We saved the results in a worksheet named “Sig. I - Type 1 t-test” in the same Excel file AML_uneqvar.xlsx using the following commands
write.xlsx(sig.res1.I.t, file="AML_uneqvar.xlsx", sheetName = "Sig.
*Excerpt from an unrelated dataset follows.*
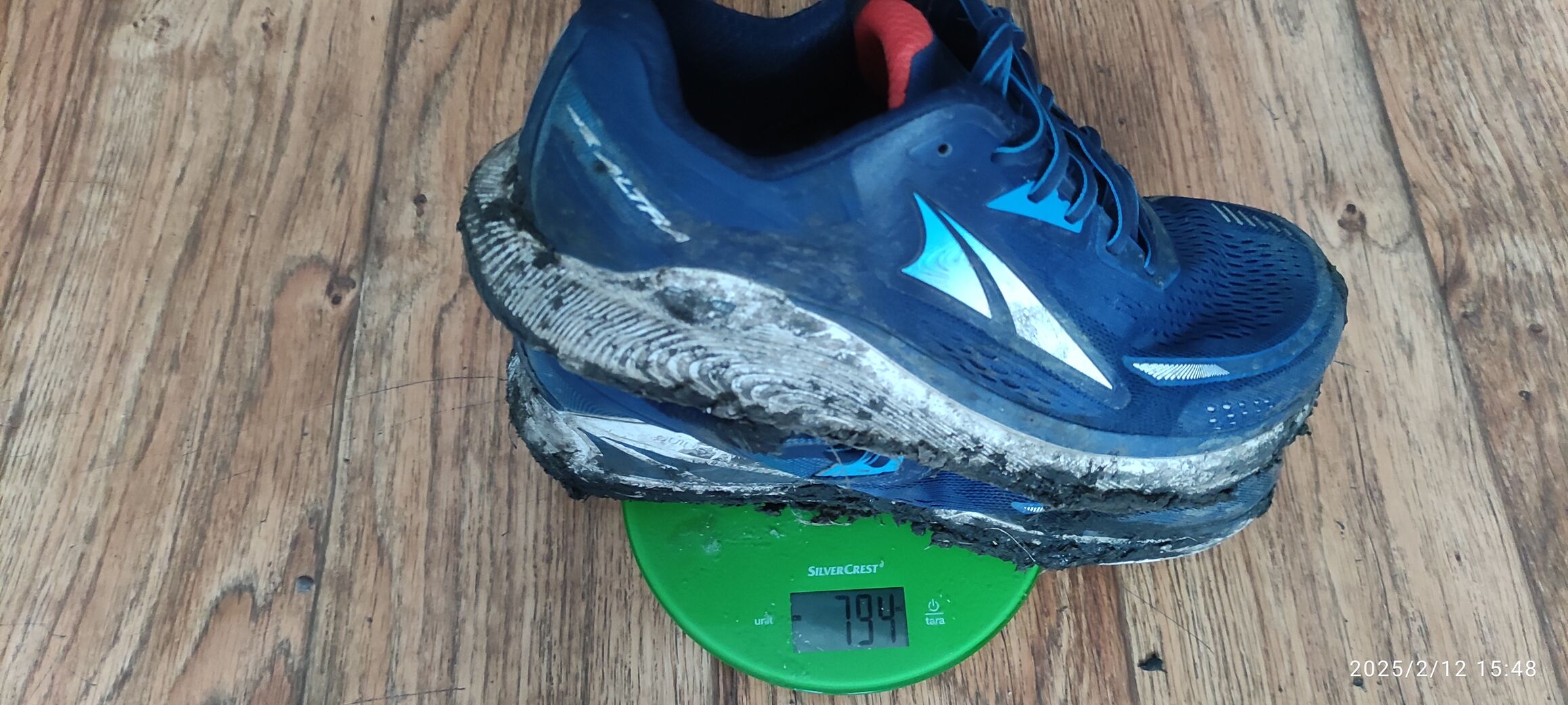 Az Altra Paradigm 6 került a lábra, hazaérve lemértem... Amikor már ~2 kilométert aszfalton lötyögtem benne. Kicsit meghízott, jobban mondva itt már a lecsoffadt saras verzió látható.

I - Type 1 t-test", row.names = F, append = T)
Next we perform the step 2 (confirmatory) test to identify the isoforms of these 782 genes that are differentially expressed using function mc.step2.Waldtest
and save the object final.res1.wald
returned by the function in a file called AML_outcome_uneqvar_type1_step2_Wald.RData
under subfolder output
final.res1.wald <- mc.step2.Waldtest(data=data, VarCov.type="uneqvar", nCore = NULL, file.step1="output/AML_outcome_uneqvar_type1.RData", alpha=0.05, method="homl")
save(final.res1.wald, file="output/AML_outcome_uneqvar_type1_step2_Wald.RData")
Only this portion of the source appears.